[Opening Raw data section]

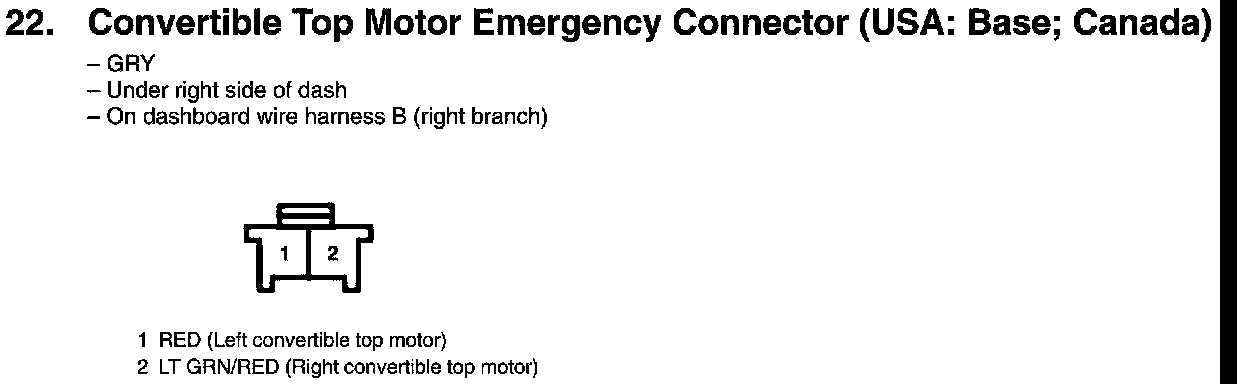 View 22 Convertible Top Motor Emergency Connector View (USA: Base; Canada)
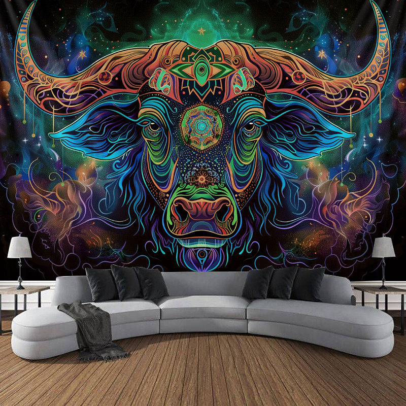 Blacklight Tapestry UV Reactive Glow in the Dark Glow Party Neon Bull Animal Psychedelic Trippy Misty Hanging Tapestry Wall Art Mural for Living Room Bedroom
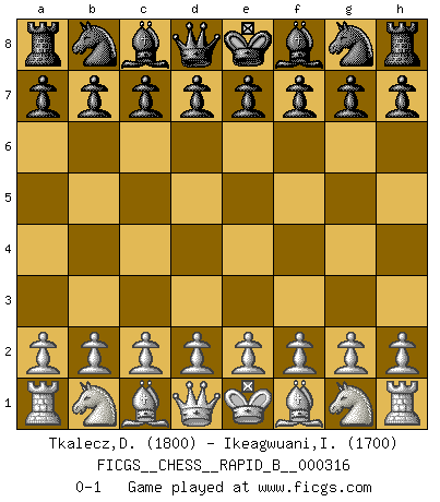 Last move : 0-1 2019 April 19 5:43:18 [Event "FICGS__CHESS__RAPID_B__000316"] [Site "FICGS"] [Date "2019.03.19"] [Round "1"] [White "Tkalecz,David Hernan"] [Black "Ikeagwuani,Ikechukwu"] [Result "0-1"] [WhiteElo "1800"] [BlackElo "1700"] 0-1 This chess game has been lost on time (started : 2019.03.19 19:38:11) Player Black won this chess game. Follow this game move after move (download)Look at Garry Kasparov. After he loses, invariably he wins the next game. He just kills the next guy. That's something that we have to learn to be able to do. (Maurice Ashley) Ein Schachgenie ist jemand der verdammt gut Schach spielt. (Jonathan Levitt) Todo lo que importa ante el tablero de Ajedrez son buenas jugadas. (Bobby Fischer) Il n'y a pas eu de défaite parce que je ne crois pas que cet ordinateur ait jamais existé. IBM a triché en refusant d'imprimer les modes de recherche de la machine. C'est évident, pendant le match, des coups décisifs ont été joués par des êtres humains. Aujourd'hui, les meilleurs spécialistes en informatique ne peuvent toujours pas expliquer comment Deep-Blue a pu jouer contre la logique des ordinateurs. IBM a gagné une guerre de communication, mais ils sont incapables de prouver que l'ordinateur a gagné tout seul. (Garry Kasparov) Life is pleasant. Death is peaceful. It's the transition that's troublesome. (Isaac Asimov)
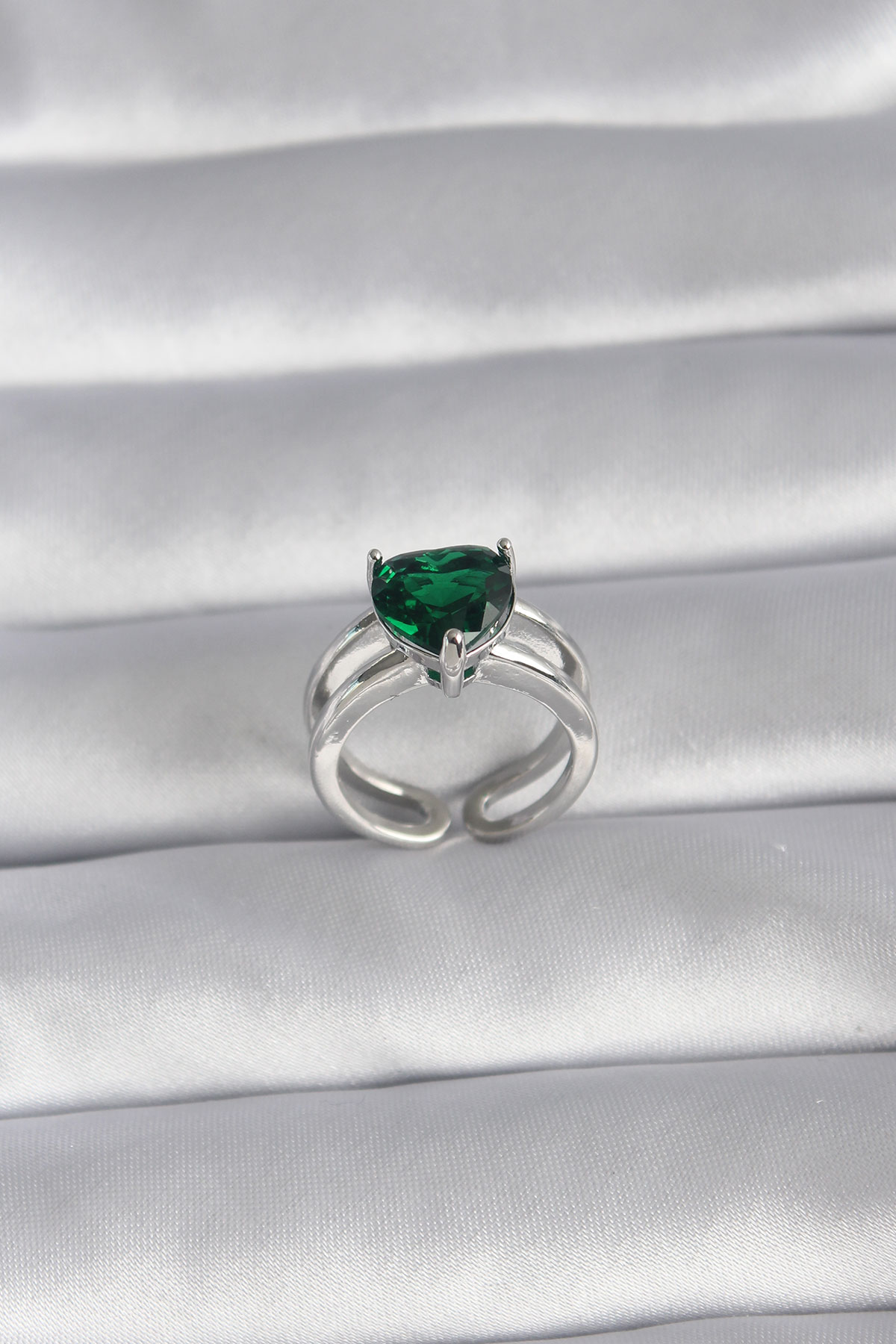 Pirinç Gümüş Renk Yeşil Zirkon Taşlı Tek Taş Model Kadın Yüzük - 253251

[Closing Raw data section]

▸ **To do**
Restate only the lines running from the start of the material above through the line containing "Blacklight Tapestry UV", ends included. No pictures.

▸ **Exercise output**
 View 22 Convertible Top Motor Emergency Connector View (USA: Base; Canada)
 Blacklight Tapestry UV Reactive Glow in the Dark Glow Party Neon Bull Animal Psychedelic Trippy Misty Hanging Tapestry Wall Art Mural for Living Room Bedroom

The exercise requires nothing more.